◆ **Your goal**:
Could you print the stretch of lines below from the one with "North portal of" through the one with "Swedish pop musician", exactly as they stand and without any pictures?

◆ **Data for processing**:
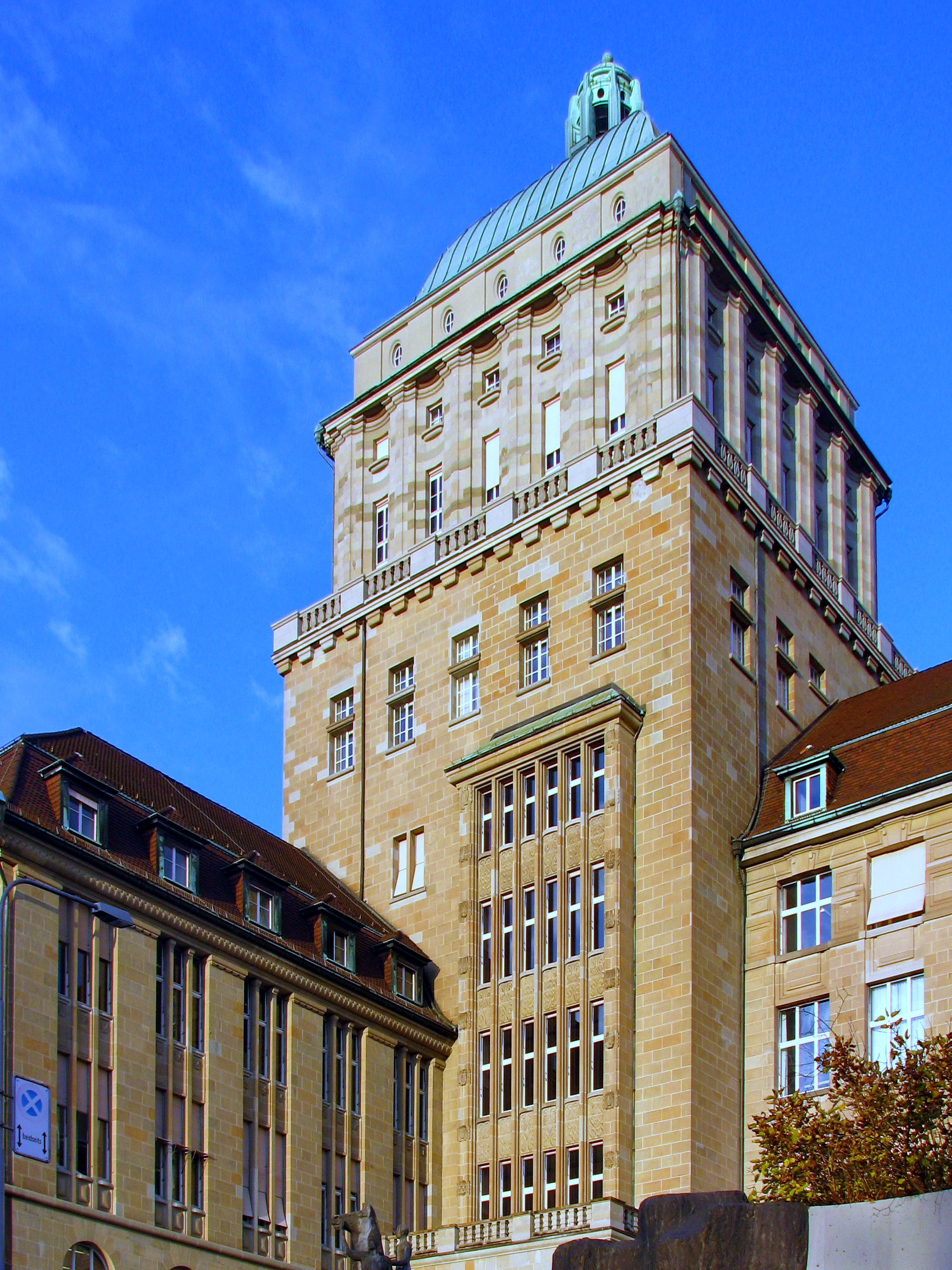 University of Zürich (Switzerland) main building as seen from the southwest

---

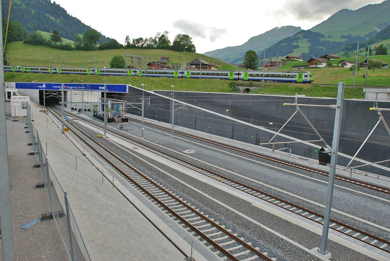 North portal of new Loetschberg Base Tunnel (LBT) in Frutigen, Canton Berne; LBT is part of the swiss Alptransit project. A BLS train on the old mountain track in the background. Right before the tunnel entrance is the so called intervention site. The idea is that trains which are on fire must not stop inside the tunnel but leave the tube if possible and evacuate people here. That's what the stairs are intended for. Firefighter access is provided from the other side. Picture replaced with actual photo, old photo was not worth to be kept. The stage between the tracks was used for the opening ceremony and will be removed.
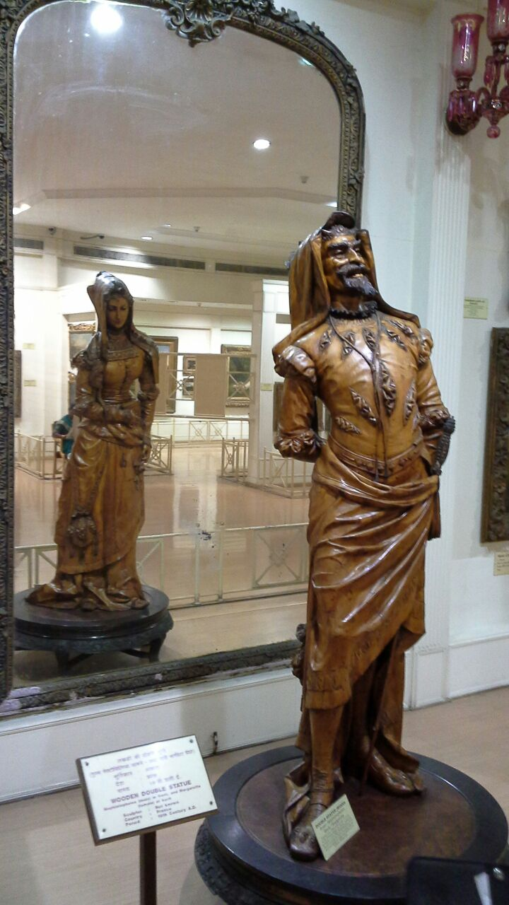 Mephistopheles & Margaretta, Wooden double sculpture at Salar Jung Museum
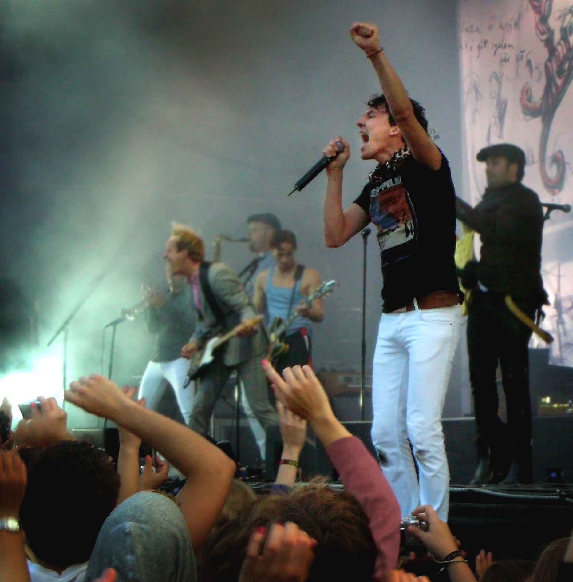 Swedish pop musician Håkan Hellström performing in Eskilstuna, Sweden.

--

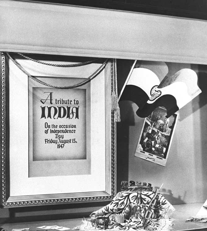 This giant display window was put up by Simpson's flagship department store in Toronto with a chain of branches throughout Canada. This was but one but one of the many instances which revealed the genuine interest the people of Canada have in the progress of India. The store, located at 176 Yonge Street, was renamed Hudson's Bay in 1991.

◆ **Result of the task**:
 North portal of new Loetschberg Base Tunnel (LBT) in Frutigen, Canton Berne; LBT is part of the swiss Alptransit project. A BLS train on the old mountain track in the background. Right before the tunnel entrance is the so called intervention site. The idea is that trains which are on fire must not stop inside the tunnel but leave the tube if possible and evacuate people here. That's what the stairs are intended for. Firefighter access is provided from the other side. Picture replaced with actual photo, old photo was not worth to be kept. The stage between the tracks was used for the opening ceremony and will be removed.
 Mephistopheles & Margaretta, Wooden double sculpture at Salar Jung Museum
 Swedish pop musician Håkan Hellström performing in Eskilstuna, Sweden.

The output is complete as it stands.